Mainframe security has long carried a reassuring reputation: stable, resilient, and secure by design. But the conversation has shifted. Today, the biggest risks aren't tied to the platform itself – they're tied to how users access it. Three themes are emerging with increasing urgency across the industry: uneven MFA adoption, modernization efforts centered on identity controls, and regulatory frameworks making strong authentication non-negotiable. Together, they reveal where mainframe security is heading – and where the gaps still remain.
The MFA gap is becoming harder to ignore
Organizations have made real progress on MFA adoption, but the finish line isn't in sight yet. Around 83% still rely on passwords for at least some systems, and a meaningful share of users remain without full MFA coverage. That gap has real consequences: stolen credentials now account for roughly 22% of breaches, making identity the single most common initial attack vector.
For mainframe teams, this dynamic is familiar. MFA integrates cleanly with RACF and z/OS – but deployment is often partial, focused on select users or specific access paths rather than applied consistently. The result is a subtle but significant exposure. Systems widely considered secure remain accessible through authentication patterns that attackers know how to exploit. The platform hasn't fallen behind. Identity practices have.
Modernization is putting identity at the center
The latest wave of mainframe modernization isn't about migrating off-platform. It's about bringing the mainframe into alignment with modern architectures and security expectations. A recent ISG report confirms that enterprises are pursuing long-term strategies that preserve and strengthen mainframes – especially in hybrid and regulated environments.
What's changed is security's role in that conversation. It's no longer a supporting consideration – it's a primary driver. Organizations are pairing application modernization and API enablement with RACF hardening, encryption, and expanded MFA deployment as foundational controls. Tooling is evolving to match.
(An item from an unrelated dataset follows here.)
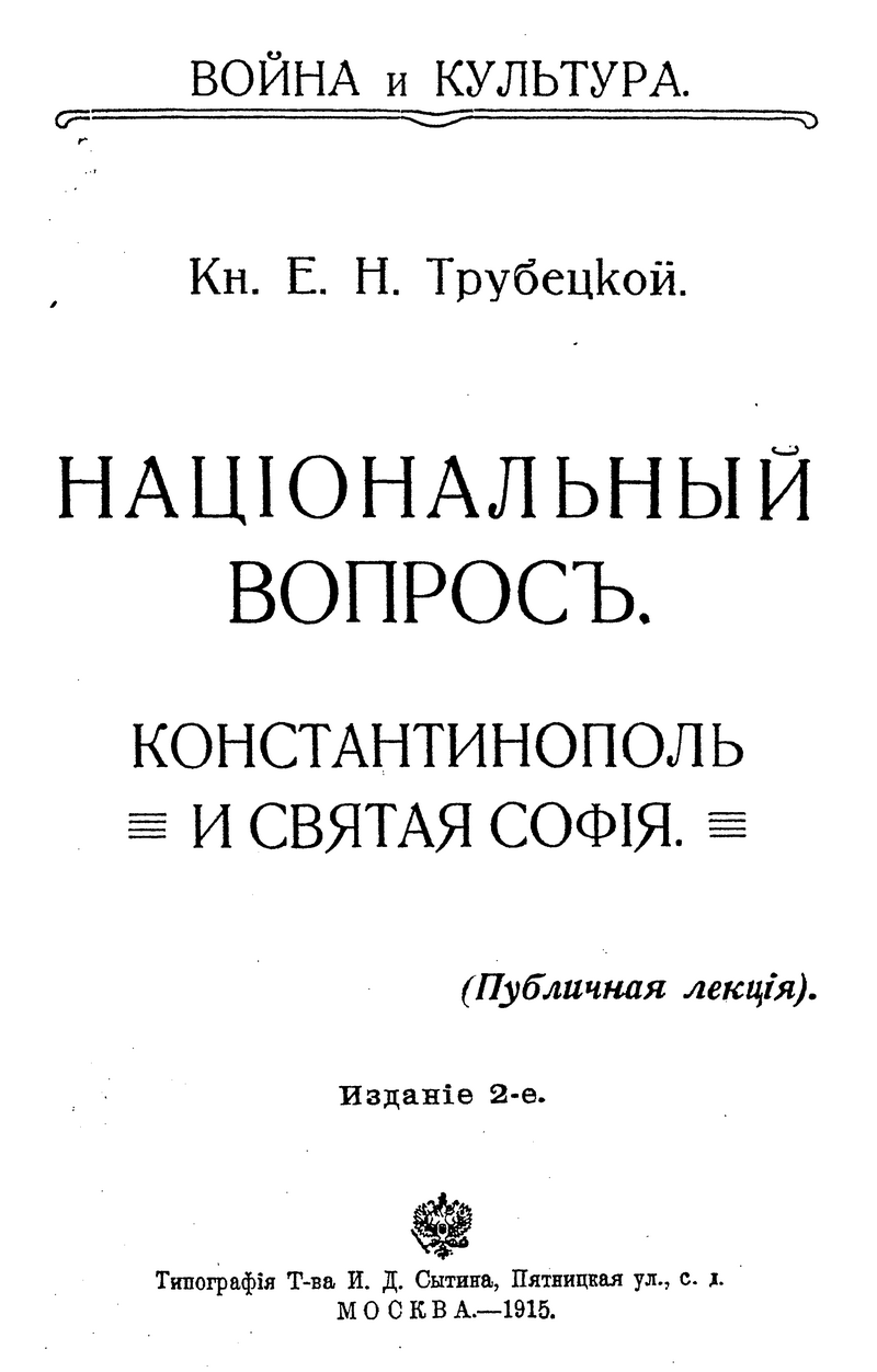В работе «Национальный вопрос, Константинополь и Святая София» кн. Е. Н. Трубецкой стремится осмыслить события Первой мировой войны в свете софийной метафизики

IBM zSecure 3.2 introduces capabilities like RACF user quarantine and tighter MFA data integration, making it easier to detect and respond to identity-based threats directly within the mainframe environment.
The shift is clear: modernization is no longer defined by what runs on the mainframe, but by how securely identities interact with it.
Regulation is making MFA everywhere mandatory – including the mainframe
If modernization is the strategic driver, regulation is the forcing function. PCI DSS 4.0 has significantly raised the bar, requiring multi-factor authentication for all access to cardholder data environments – with full enforcement now in effect. This marks a notable departure from earlier requirements that focused primarily on administrative or remote access. Under the new standard, MFA must be universal, covering both privileged and non-privileged users regardless of where the system resides.
Crucially, that includes mainframe environments. Organizations can no longer treat z/OS as an exception or rely solely on RACF-based authentication to satisfy auditors. Compliance now depends on demonstrating that strong authentication is consistently enforced across every system handling sensitive data. In practice, MFA coverage must be auditable, provable, and aligned with enterprise-wide identity policies – not selectively applied.
Closing thoughts
These trends point to a straightforward but important reality: the mainframe security conversation has moved on from platform strength. It's now about the strength of access controls. MFA gaps represent measurable risk. Modernization efforts are putting identity at the heart of transformation. And regulatory frameworks are ensuring that strong authentication is no longer optional.
For security practitioners, this creates both pressure and opportunity. The tools to secure mainframe identity already exist – what's expected now is that they're fully implemented, fully integrated, and consistently enforced.